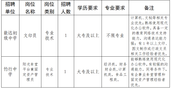 因工作需要,南通市能達(dá)初級(jí)中學(xué)和南通市竹行中學(xué)面向社會(huì)公開招聘政府購(gòu)買服務(wù)崗位工作人員,現(xiàn)將有關(guān)事項(xiàng)公告如下:
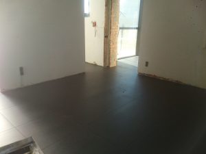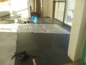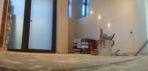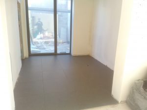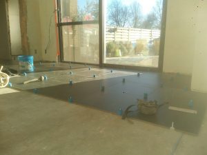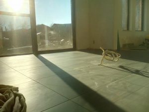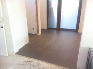 Ook in de vloeren werd redelijk wat vooruitgang geboekt. De carbuurtest was misschien negatief, maar de tegels konden al wel gelegd worden. Het voegsel werd gekozen (antraciet) en valt voorlopig nogal donker uit (in tegenstelling tot wat de vloerders beweerden). Mogelijks is dat omdat alles nog nat is. De tegels zelf waren blijkbaar niet 100-100% recht. Daarom werden de hoeken gelijkgericht. De lange zijden(60cm) hebben een (minimaal) niveauverschil tot een halve mm. BEST wel ok… als ik de vloer zelf zou gelegd hebben zou het waarschijnlijk nog stukken erger zijn :-)…. of zouden de zijden gelijkgericht zijn en de net de hoeken uitsteken en dus pijnlijk worden aan de tenen…
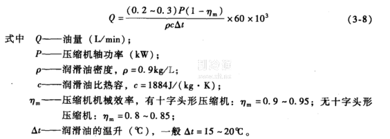(3)潤滑油量的計算曲柄連桿機構潤滑油的需要量,一般按潤滑油從摩擦表面導走的熱量來確定。通常,對有十字頭形壓縮機在這部分的摩擦功約為全部摩擦功的30%,無十字頭形壓縮機約為20%,則所需的油量為
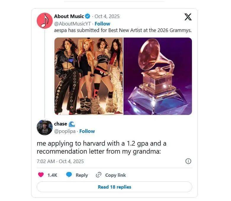 在X平台(原推特)上,舆论迅速两极分化。不少人翻出aespa年初在《早安美国》的表演争议,质疑其现场实力“能否撑起格莱美门槛”;更有批评直指SM“不切实际”,认为强推奖项反而让成员陷入不必要的压力。
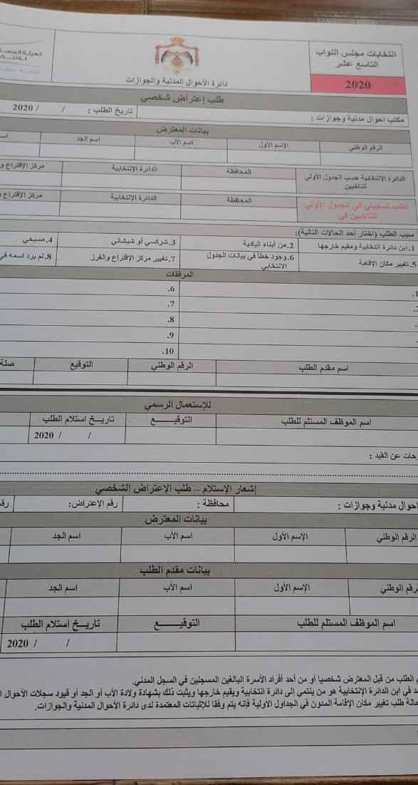 ووفق قانون الانتخاب فأنه يحق لكل شخص أن يتقدم بطلب خطي خلال أربعة عشر يوما من اليوم التالي لتاريخ عرض الجداول الأولية للناخبين إلى دائرة الاحوال المدنية والجوازات لإدراج اسمه أو تصحيح خطأ أو مراعاة تغيير مكان الإقامة؛ وتسجيل اسمه في الجداول الأولية الخاصة بالدائرة الانتخابية إذا كان من أبناء الدائرة المقيمين خارجها وتسجيل اسمه في الجدول الأولي الخاص بأي دائرة انتخابية مخصص لها مقعد شركسي أو شيشاني أو مسيحي ضمن المحافظة ذاتها أو في أي محافظة أخرى في حال عدم وجود مقعد له في المحافظة التي يقيم فيها.
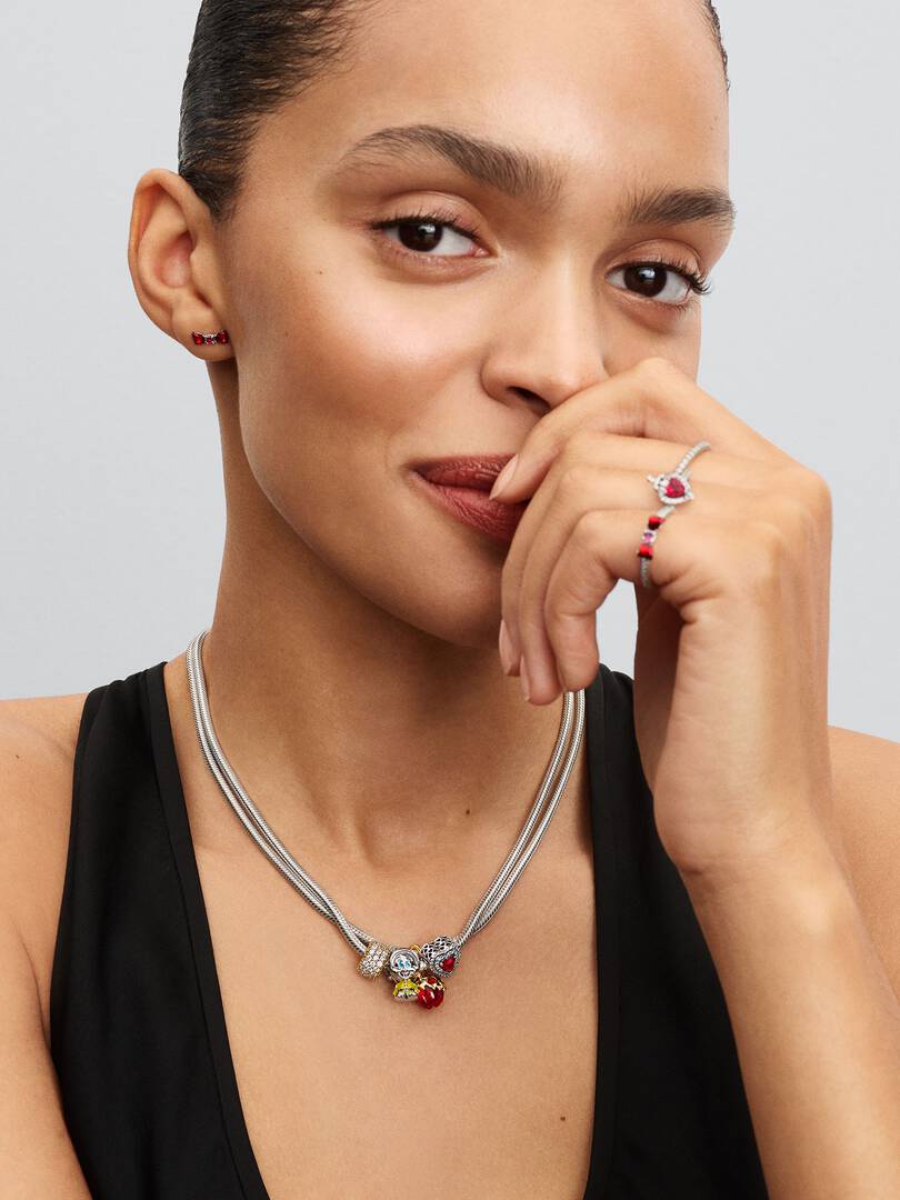 Who’s the fairest of them all? It has to be our stud earrings inspired by Disney’s Snow White – pieces fit for a princess, crafted from sterling silver. Playful enamelled bows feature fuchsia rose man-made crystals. Wear
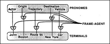 When a frame-agent is activated — either by seeing, hearing, or imagining something — this supplies each of those AND-agents with one of these two inputs. The second input is provided by some pronome which can thereby activate whichever agent or frame is presently assigned to that terminal. If several pronomes are active at the same time, all the corresponding agents will be activated, too. When the frame above is active, the pronome for Origin will activate the K-line for Boston, and the pronome for Vehicle will activate the K-line for car.
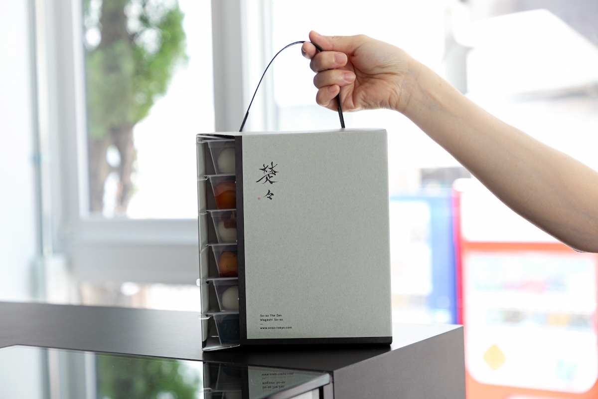 「Dango Chaya So-so」のだんごは、手みやげにもおすすめ。箱代275円で、だんごのケースが見えるおしゃれな持ち帰りボックスに入れてもらえます。
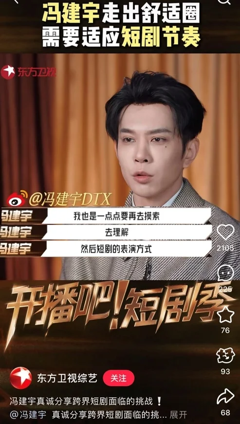 “你不是天生丽质,但你可以天生励志!”在综艺《开播吧!短剧季》的喊话环节,冯建宇这样对自己说。
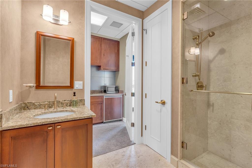 Experience the epitome of downtown Naples living in this exquisite Penthouse, where sophistication meets convenience. Just steps from the vibrant 5th Avenue and a short walk to the stunning beaches, this property offers the perfect blend of luxury and location, available for both seasonal and annual rental. Spanning an entire floor, this penthouse welcomes you with a 2,000-square-foot wrap-around balcony, offering breathtaking city views that showcase the pulse of Naples from sunrise to sunset. The main residence boasts two spacious bedrooms, a den, and 2.5 bathrooms. In the master suite, you'll find a king-sized bed, walk-in closet, and a bathroom that invites relaxation with its soaking tub and large walk-in shower. Natural light floods the space, creating a serene retreat for unwinding after a day exploring the city. Guests are treated to their own luxurious suite, complete with a king-sized bed, walk-in closet, and a private bathroom featuring a sleek, modern shower. The bright, airy kitchen, outfitted with stainless steel appliances, a breakfast bar, and a large dining area, makes cooking and entertaining a delight. For those working remotely, the dedicated office/den area provides a peaceful, functional space with city views. For additional privacy, a separate guest residence offers a living room with a sleeper sofa, kitchenette, and a comfortable king-sized bedroom with a full bathroom--ideal for visitors or extended stays. Just outside your door, the vibrant energy of Naples awaits. Walk to the beach, enjoy world-class dining along 5th Avenue, explore coffee shops, parks, and the thriving cultural scene. Whether you're enjoying a quiet evening at home or immersing yourself in the excitement of the city, this penthouse delivers an unmatched lifestyle in one of the most desirable locations in Naples. Your downtown Naples penthouse awaits--offering the perfect balance of luxury, comfort, and convenience.
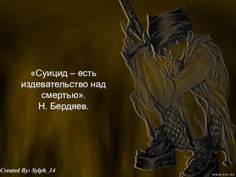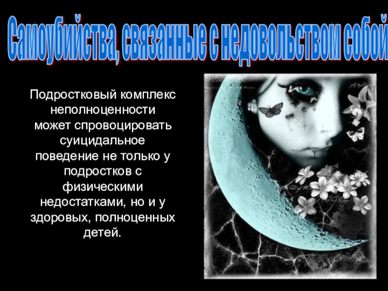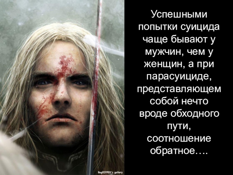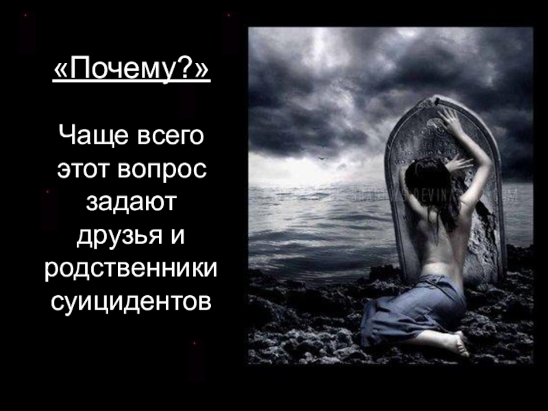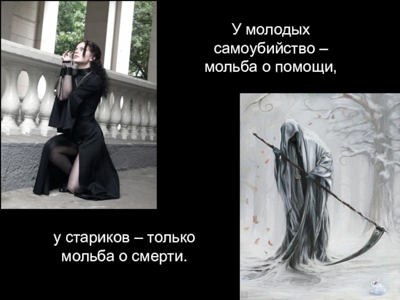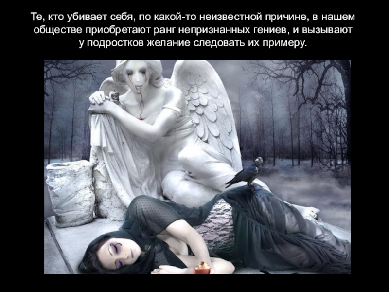 Слайд 19Те, кто убивает себя, по какой-то неизвестной причине, в нашем обществе
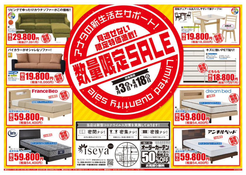 そしてSALEは4/18日(日)までなので、この期間に是非ご来店くださいませ。

☆ ☆ ☆ ☆ ☆ ☆ ☆

Given the records above, return the lines starting at the one that holds "Ook in de vloeren" and ending at the one that holds "在X平台(原推特)上,舆论迅", exactly, and nothing besides; leave every picture out.

TASK ANSWER:
 Ook in de vloeren werd redelijk wat vooruitgang geboekt. De carbuurtest was misschien negatief, maar de tegels konden al wel gelegd worden. Het voegsel werd gekozen (antraciet) en valt voorlopig nogal donker uit (in tegenstelling tot wat de vloerders beweerden). Mogelijks is dat omdat alles nog nat is. De tegels zelf waren blijkbaar niet 100-100% recht. Daarom werden de hoeken gelijkgericht. De lange zijden(60cm) hebben een (minimaal) niveauverschil tot een halve mm. BEST wel ok… als ik de vloer zelf zou gelegd hebben zou het waarschijnlijk nog stukken erger zijn :-)…. of zouden de zijden gelijkgericht zijn en de net de hoeken uitsteken en dus pijnlijk worden aan de tenen…
(3)潤滑油量的計算曲柄連桿機構潤滑油的需要量,一般按潤滑油從摩擦表面導走的熱量來確定。通常,對有十字頭形壓縮機在這部分的摩擦功約為全部摩擦功的30%,無十字頭形壓縮機約為20%,則所需的油量為
 在X平台(原推特)上,舆论迅速两极分化。不少人翻出aespa年初在《早安美国》的表演争议,质疑其现场实力“能否撑起格莱美门槛”;更有批评直指SM“不切实际”,认为强推奖项反而让成员陷入不必要的压力。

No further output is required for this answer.